Produce a verbatim copy of the records, and keep the images out of it.

[DATA]:
Start of Block
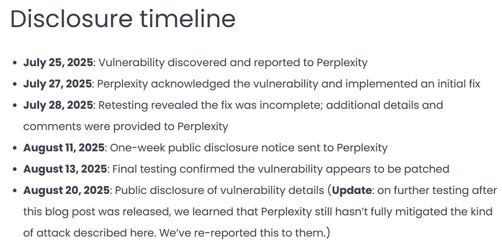 ▲Brave对Perplexity披露问题的时间表(图源:Brave)
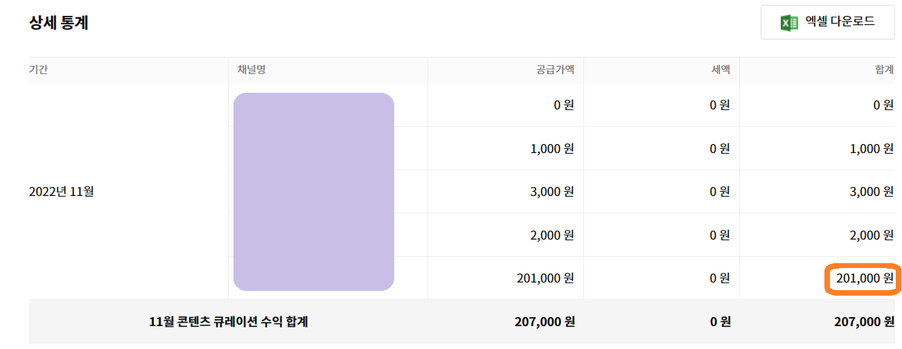 소소하지만.. 이쯤해서 제 수익 인증합니다 (2022.7월~11월) 📢 (오렌지색 박스가 제 최적화 된 채널이예요)
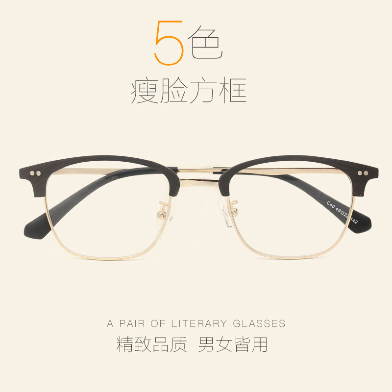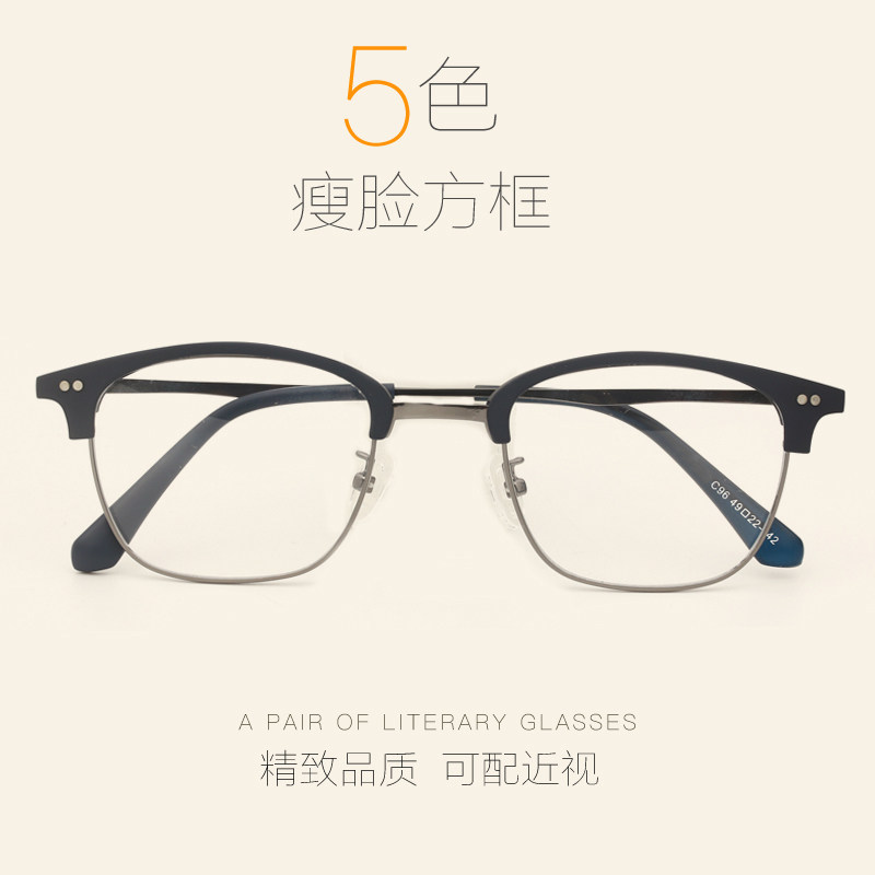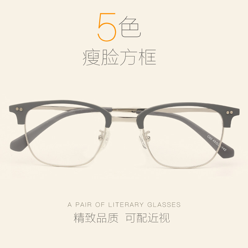 Han Edition Retro Eye Frame Male Nearsighted eye frame Spectacle Frame Woman Tide Half-Frame Flat Mirror Super Light Comfort and Nearsightedness
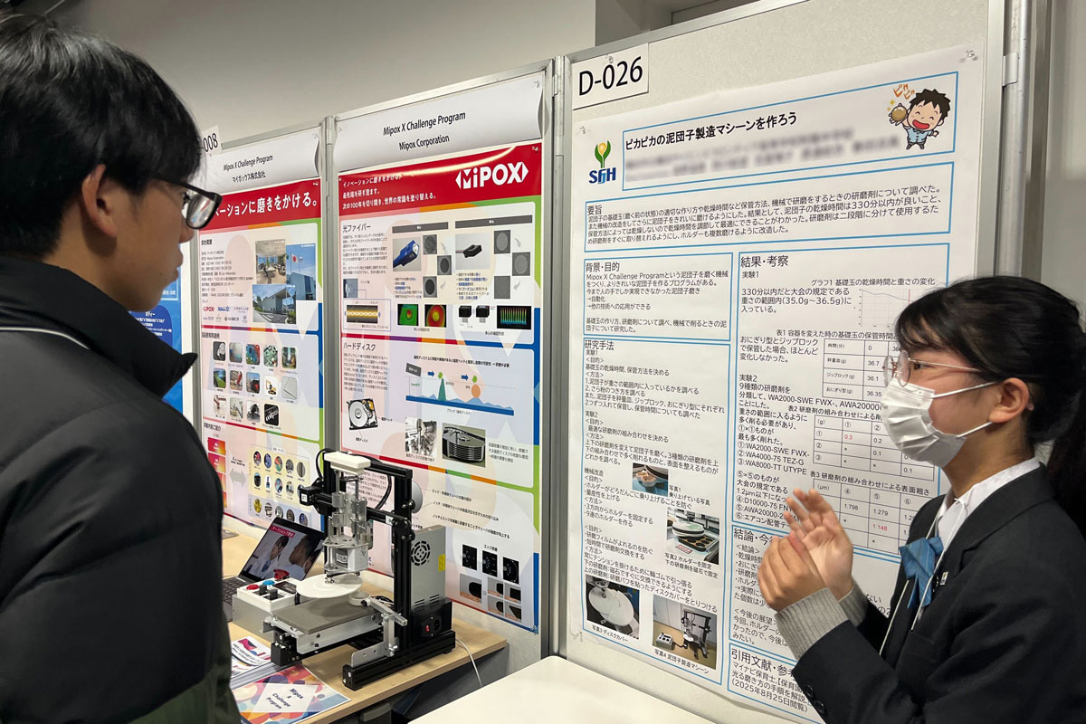 当社のブース展示の隣では、本年のプレ実施で参加した中学校の生徒によるポスター発表も行われました。
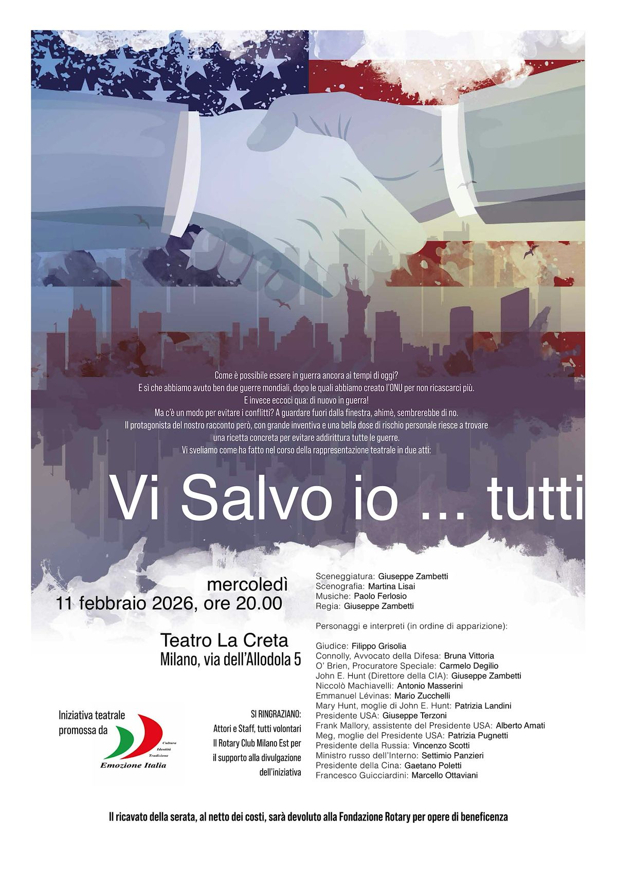 Come è possibile essere in guerra ancora ai tempi di oggi? E sì che abbiamo avuto ben due guerre mondiali, dopo le quali abbiamo creato l’ONU per non ricascarci più. E invece eccoci qua: di nuovo in guerra! Ma c’è un modo per evitare i conflitti? A guardare fuori dalla finestra, ahimè, sembrerebbe di no. Il protagonista del nostro racconto però, con grande inventiva e una bella dose di rischio personale riesce a trovare una ricetta concreta per evitare addirittura tutte le guerre. Vi sveliamo come ha fatto nel corso della rappresentazione teatrale in due atti: Vi Salvo io ... tutti
End of Block
[EXPECTED ANSWER]:
 ▲Brave对Perplexity披露问题的时间表(图源:Brave)
 소소하지만.. 이쯤해서 제 수익 인증합니다 (2022.7월~11월) 📢 (오렌지색 박스가 제 최적화 된 채널이예요)
 Han Edition Retro Eye Frame Male Nearsighted eye frame Spectacle Frame Woman Tide Half-Frame Flat Mirror Super Light Comfort and Nearsightedness
 当社のブース展示の隣では、本年のプレ実施で参加した中学校の生徒によるポスター発表も行われました。
 Come è possibile essere in guerra ancora ai tempi di oggi? E sì che abbiamo avuto ben due guerre mondiali, dopo le quali abbiamo creato l’ONU per non ricascarci più. E invece eccoci qua: di nuovo in guerra! Ma c’è un modo per evitare i conflitti? A guardare fuori dalla finestra, ahimè, sembrerebbe di no. Il protagonista del nostro racconto però, con grande inventiva e una bella dose di rischio personale riesce a trovare una ricetta concreta per evitare addirittura tutte le guerre. Vi sveliamo come ha fatto nel corso della rappresentazione teatrale in due atti: Vi Salvo io ... tutti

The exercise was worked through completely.